• _Work to be completed_
Could you restate word for word every line from the one containing "2年生が、先日生活科で植えた" to the end of the data below, pictures excluded?

[Start of section]

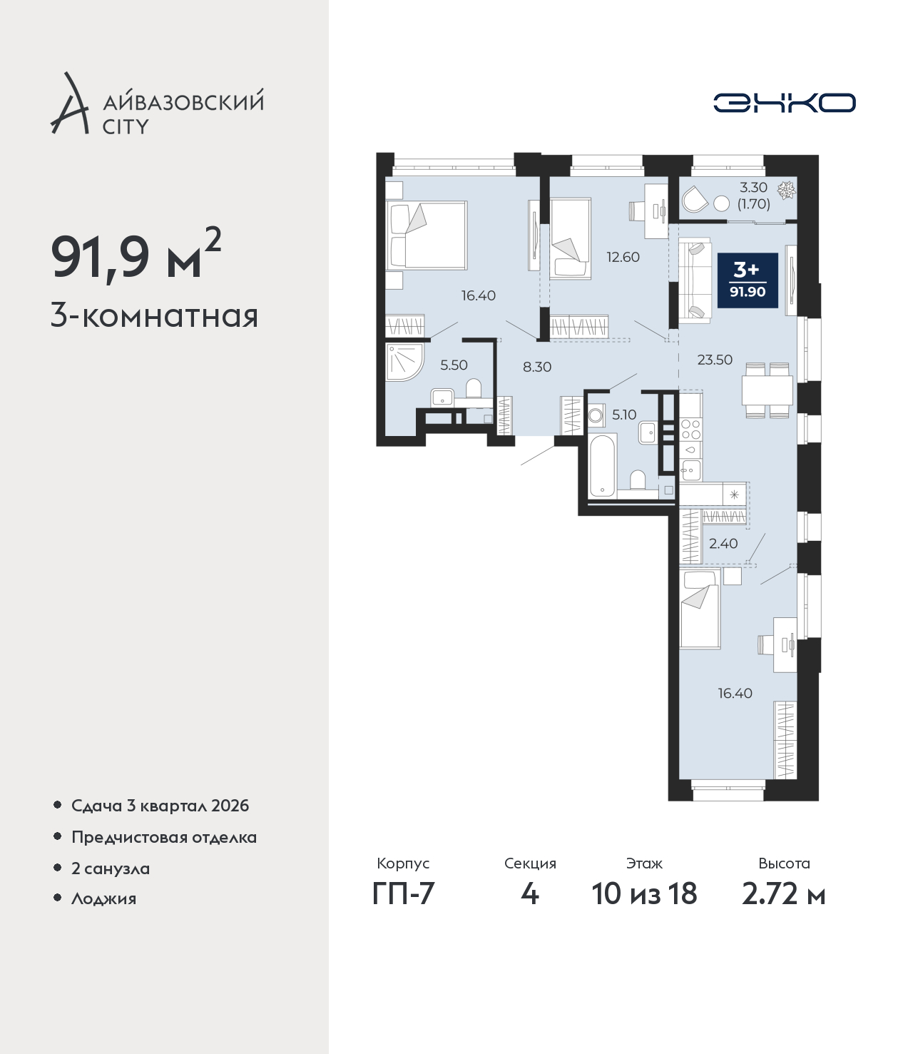 - Общая площадь 91.9 м²
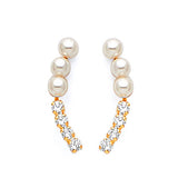 Crawler Earrings with White CZ and Pearl in 14K Gold and Butterfly Backing
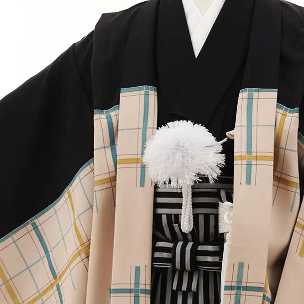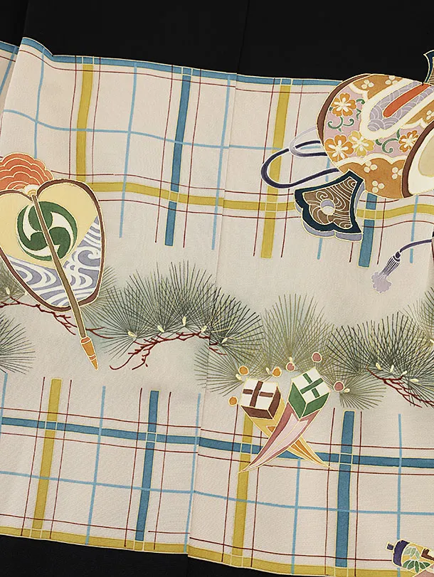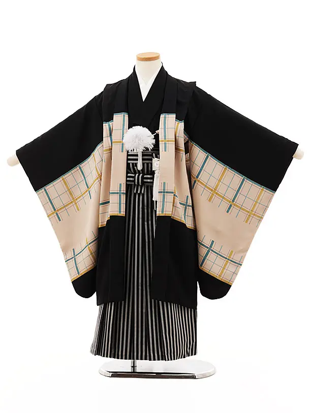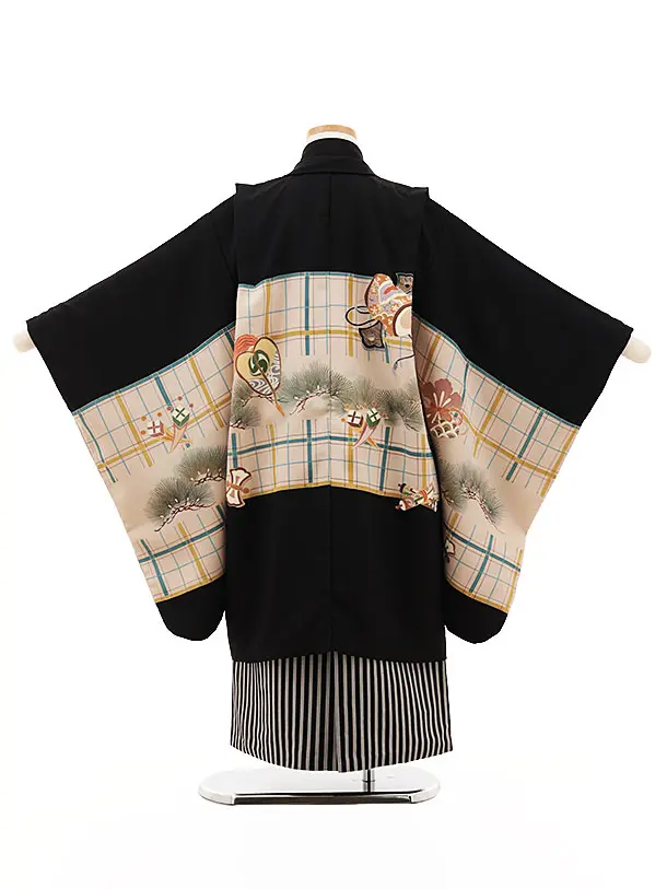 七五三(5歳男袴)X559【高級正絹】黒地格子に吉祥文様×黒縞
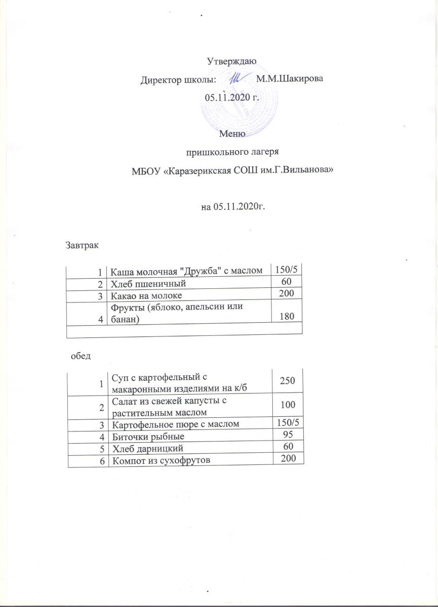 Меню пришкольного лагеря на 05.11.2020
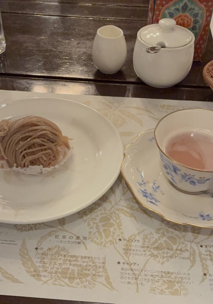 季節限定の 栗の紅茶 と モンブラン を注文すると、疲れが一気に溶けていきました。
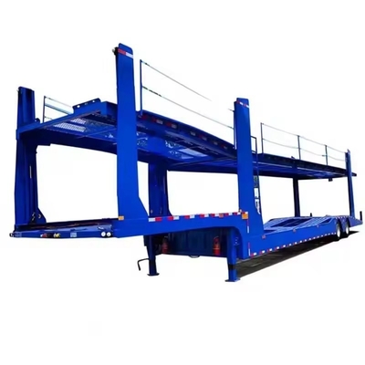Car carrier trailer is also named car transport semi trailer, refers to a vehicle used to transport cars,which can be customized in length according to customer demands, with the frame being welded I-beam.The upper chassis can be divided into two or three parts and adjustable in height using a hoist and hydraulic cylinder. The front panel of the enclosed type is covered with stamped small corrugated plates, while the sides are covered with either small corrugated plates or stamped corrugated plates. The top is equipped with poles and a cover. The vehicle is equipped with a toolbox, a spare tire rack, and a drip brake system to enhance the safety of vehicle transportation.
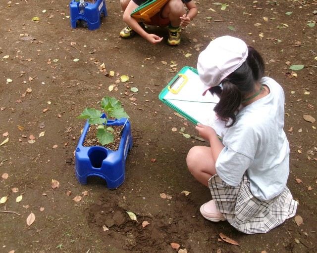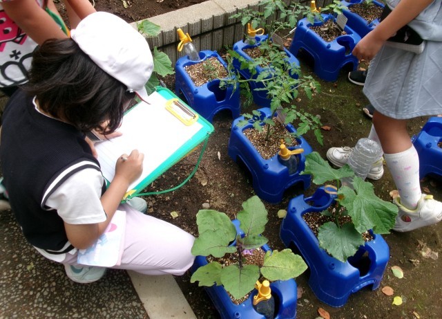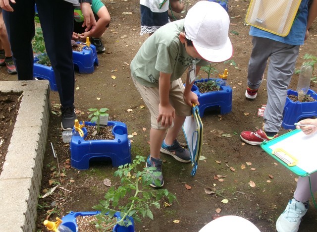 2年生が、先日生活科で植えた夏野菜の成長を観察していました。「キュウリの葉っぱはちくちくしている」「キュウリは支柱があったほうがいいな」「ナスと同じ色の紫の花がさいてる」「トマトの葉っぱはトマトっぽい匂いがする」など、五感をフルにつかっていました。キュウリ、ナス、ミニトマト、オクラ、ピーマンなど、それぞれが植えた苗は、これからぐんぐん育つことでしょう。観察が楽しみですね。
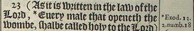 23 (As it is written in the law of the Lord, *Euery male that openeth the wombe, shalbe called holy to the Lord)[*Exod. 13. 2. numb. 18 16.]

[End of section]

• _Your response_
 2年生が、先日生活科で植えた夏野菜の成長を観察していました。「キュウリの葉っぱはちくちくしている」「キュウリは支柱があったほうがいいな」「ナスと同じ色の紫の花がさいてる」「トマトの葉っぱはトマトっぽい匂いがする」など、五感をフルにつかっていました。キュウリ、ナス、ミニトマト、オクラ、ピーマンなど、それぞれが植えた苗は、これからぐんぐん育つことでしょう。観察が楽しみですね。
 23 (As it is written in the law of the Lord, *Euery male that openeth the wombe, shalbe called holy to the Lord)[*Exod. 13. 2. numb. 18 16.]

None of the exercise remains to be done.